Finding units and zero divisors in a polynomial quotient ring

Question

I am trying to study for an exam and I am not sure of this solution my professor posted to an exercise. I am given the polynomial quotient ring $\mathbb{Z}_6/(x^2+2x)$ and have to find all units and zero divisors.

My initial idea was to do a multiplication table, but with a group this big I am sure there must be another way. For units, I was thinking all polynomials that are coprime to $x$ and $x+2$, but this isn’t what the solutions have.

He lists the units as $1, 5, x+1, 2x+5, 3x+1, 3x+5, 4x+1, 5x+5$, but gives no reason why. I understand these are all coprime to the ideal, but why isn’t $x+3$ an ideal for example?

He then says the zero divisors are everything that isn’t a unit or zero. Why is this?
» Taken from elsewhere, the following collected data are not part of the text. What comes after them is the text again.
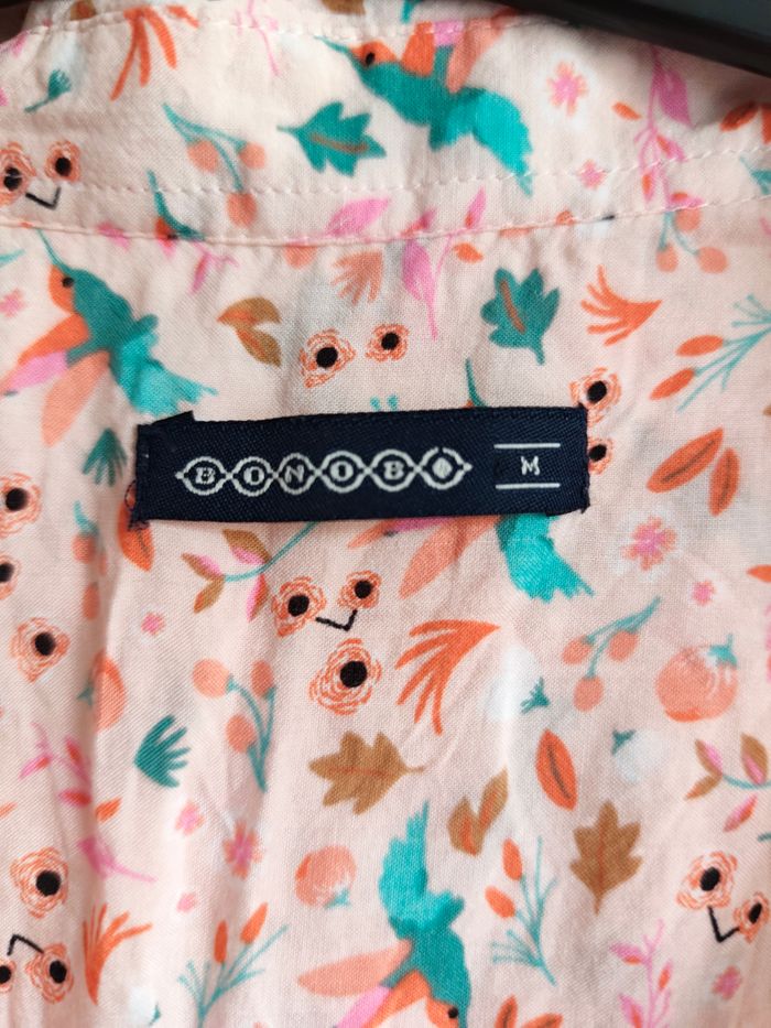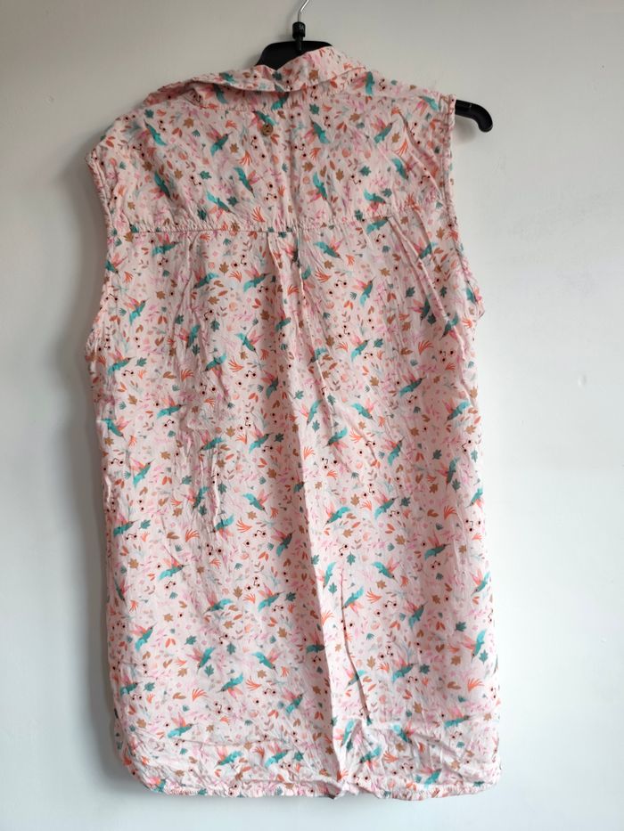 Blouse tunique femme sans manches de la marque Bonobo, coupe fluide et confortable. Coloris rose pâle avec imprimé multicolore (motifs floraux et oiseaux), doux et lumineux. Col en V avec petit boutonnage sur le devant, apportant une touche féminine. Coupe légèrement évasée avec fronces sous la poitrine pour un joli tombé. Matière légère et agréable à porter, idéale pour la mi-saison ou l’été. Facile à associer avec un jean, un short ou un pantalon fluide. #femmevale62100 #hautvale62100 #tailleMvale62100 #bonobo #blouse #tunique #blouseM #tuniqueM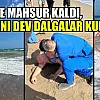 Dalgalı havada denize giren kişi, boğulma tehlikesi yaşadı. Denizde mahsur kalan şahıs, kıyıya çarpan dev dalgalarla sürüklenerek sahile ulaşabildi.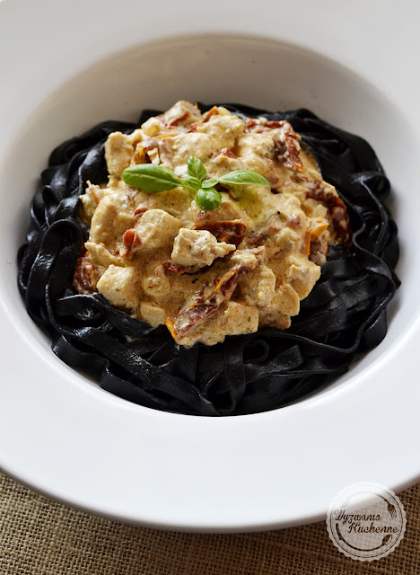 Tagliatelle z suszonymi pomidorami i kurczakiem.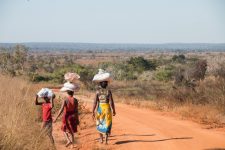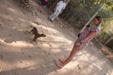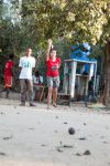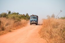 Zum Abschied spielt unser Koch noch ein Lied auf seiner selbstgebauten Okulele in Form eines Fisches. Unser Weg führt uns wieder auf der National Road nach Süden. Die Beschaffenheit der Strasse ist nicht besser als im Norden: eine Buckelpiste. Wir sehen einige Vögel und eine Schlange über die „Straße“ eilen. Erst nach über zwei Stunden begegnen wir dem ersten Auto seit unserer Abfahrt. Verkehr gibt es hier nicht wirklich viel. Dafür aber immer wieder Fußgänger am Wegesrand und jede Menge Kinder die uns zuwinken.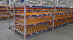 流利式貨架廣泛應用于制造業企業,商業機構,裝配車間以及出貨頻率較高的倉庫流利式貨架:采用輥輪鋁合金,鈑金等流利條,利用貨架臺架自重實現先進先出,存儲方便,適用于裝配線兩側配送中心等場所。重型流利式貨架適合人工存取,存取方便,單元貨架每層載重量通常在1000KG左右,貨架高度在2.5米以內。適于裝配線兩側的工序轉換、配送物流的揀選作業等場所,可配以電子標簽實現貨物的信息化管理。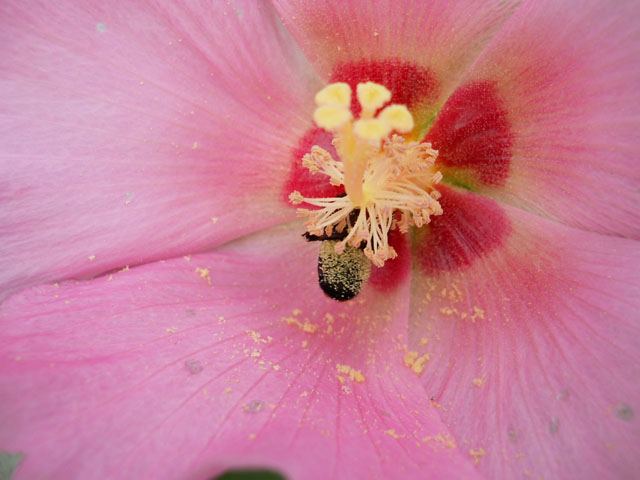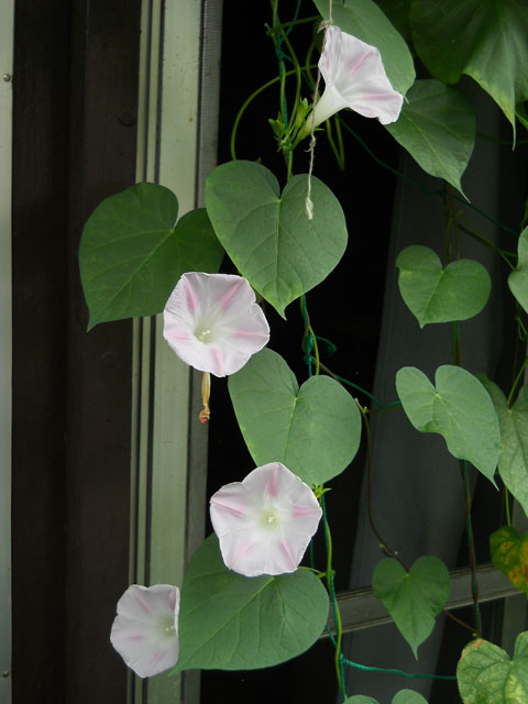 アサガオたちが日増しに花の数を増やしていて楽しみです。・°・。♪ 引き戸の端では極淡いピンク系の花が数珠つなぎで咲いておりました。・°・。* 芙蓉の花の中で小さなハチが盛んに動きまわって、お尻の毛のふさふさに黄色い花粉をいっぱいに付けて、とても幸せそうに見えました。・°・。◎ 昨日でひとまず「むし展」の両会場への搬入と展示装飾を終えて、本日はアトリエの片付けを行いました。。ここでしばらく一休みしたいところですが・・・まだまだ制作課題が詰まっておりますゆえ、晩酌は極低アルコールのビールテイスト飲料で乾いた喉と身体を癒しました。・°・。*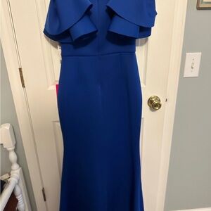 This stunning blue sheath dress by Eliza J is perfect for wedding guests and cocktail events. It features elegant flutter sleeves and a classic crew neck, offering a sophisticated and timeless look.

I thought it was possible for an element to be neither a unit nor a zero divisor.

Thank you very much.

Answer 1

Hint: first we can think of elements of $\mathbb{Z}_6[x]/(x^2+2x)$ is of the form $a+bx$ where $a,b\in \mathbb{Z}_6$.
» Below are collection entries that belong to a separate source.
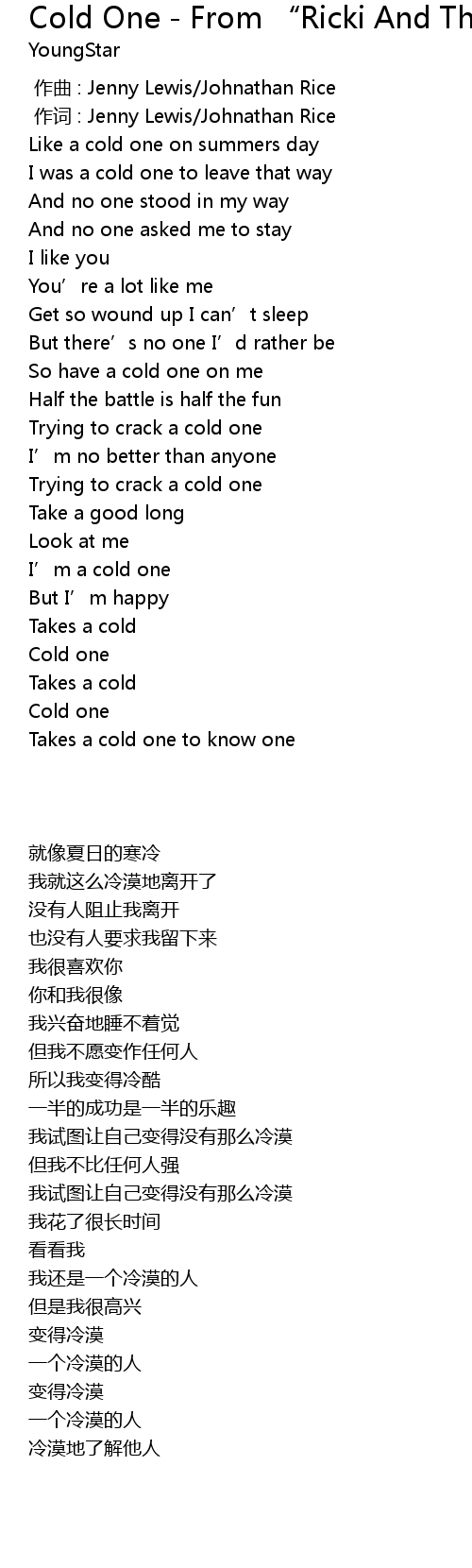 | [02:30.910] | Cold one |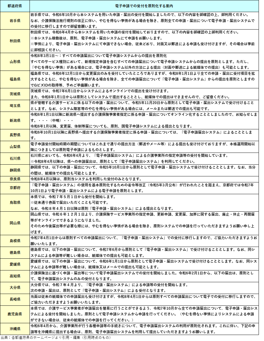 ・山形県:令和7年12月1日から、電子申請・届出システムでの運用を開始して、当面は紙媒体での提出と電子申請システムによる提出の併用期間として、従来の方法(紙媒体)による提出も認める。令和8年3月1日からすべての申請届出について電子申請・届出システムからの提出を原則化する。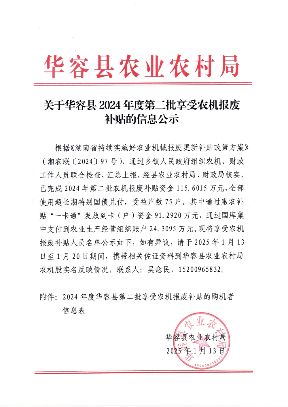关于华容县2024年度第二批享受农机报废补贴的信息公示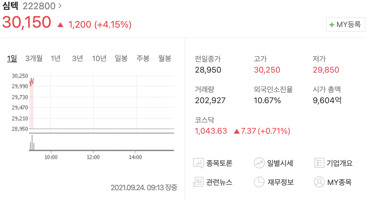 심텍이 증권사들의 역대급 3분기 전망으로 강세를 보이고 있다.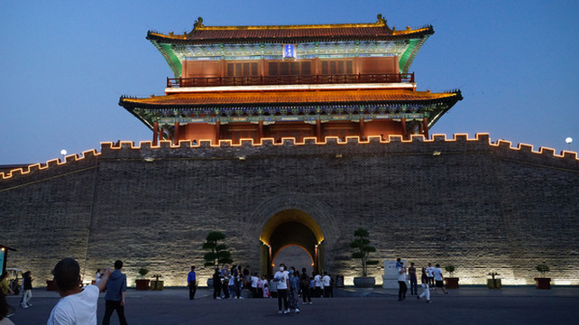当天赶到正定,打车到滹沱河(正定有区域限行),再到南门。此时夕阳西落,城楼华灯初上,正定美丽的夜景终于如愿以偿。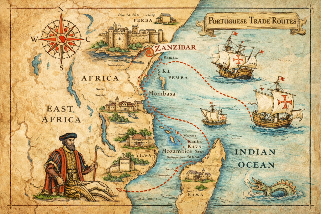 The arrival of Portuguese explorer Vasco da Gama in 1498 marked the beginning of European influence on the East African coast. Soon afterward, Portugal established control over Zanzibar and several coastal trading ports. For about two centuries, the Portuguese dominated the regional trade routes and used the islands as strategic outposts in the Indian Ocean.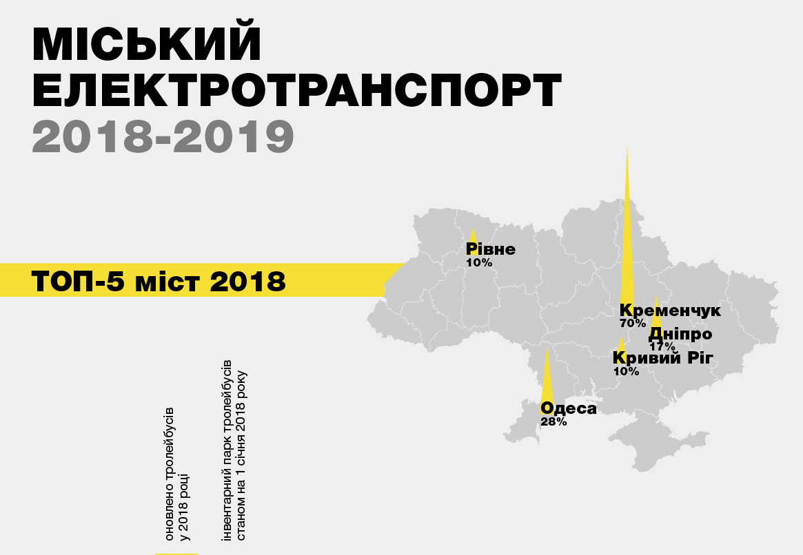 Четвертую и пятую позицию занимают Ровно и Кривой Рог, закупившие 10 и 8 троллейбусов соответственно. Доля обновления у них одинаковая – 10% от всего парка: в Ровно – 94 ед., в Кривом Роге – 78 ед.

Now $a+bx$ is a unit if and only if there is $c+dx$ such that $(a+bx)(c+dx)=1$. Note that since $x^2=-2x$ in the ring, we have \begin{align}1=(a+bx)(c+dx)&=ac+(ad+bc)x+bdx^2\\&=ac+(ad+bc)x+bd(-2x)\\ &=ac+(ad+bc-2bd)x \end{align}

Then you need to solve system of equation $ac=1$ and $ad+bc-2bd=0$.

Answer 2

First, note that this quotient ring is finite (since $x^2+2x$ is monic). In fact it must have $36$ elements.
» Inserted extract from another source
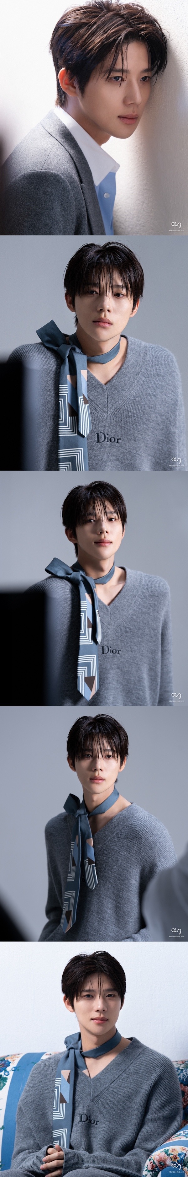 また別のビハインドカットでは、グレートーンのニットにスカーフを合わせたスタイリングで、落ち着きのある洗練されたイメージを描き出した。柔らかく落ちるニットの質感と、首のラインに沿って流れるスカーフのディテールが調和し、ミニマルなスタイルにポイントを持たせている。過剰な演出がない中でも自然と注目を集める、彼の繊細な表現力が際立っていた。

Now in a finite (commutative) ring $R$, every element is either a unit, zero or a zero-divisor.

Why? Well, for any nonzero element $x$ in $R$, consider the sequence $x^n$ for $n\in \Bbb{N}$. By pigeonhole $x^n=x^m$ for some $n,m$ with $n<m$. Then $x^nx^{m-n}=x^n$, or $x^n(x^{m-n}-1)=0$. There are two possibilities. Either $x^{m-n}-1=0$ and $x^{m-n}=1$, so $x$ is a unit, or $x^{m-n}-1\ne 0$. In this case, let $a$ be the least integer such that $x^a(x^{m-n}-1)=0$. Then $c=x^{a-1}(x^{m-n}-1)\ne 0$ but $xc=0$.

For the specifics of finding the actual units, user9077 has already given a good answer, so I won't duplicate that.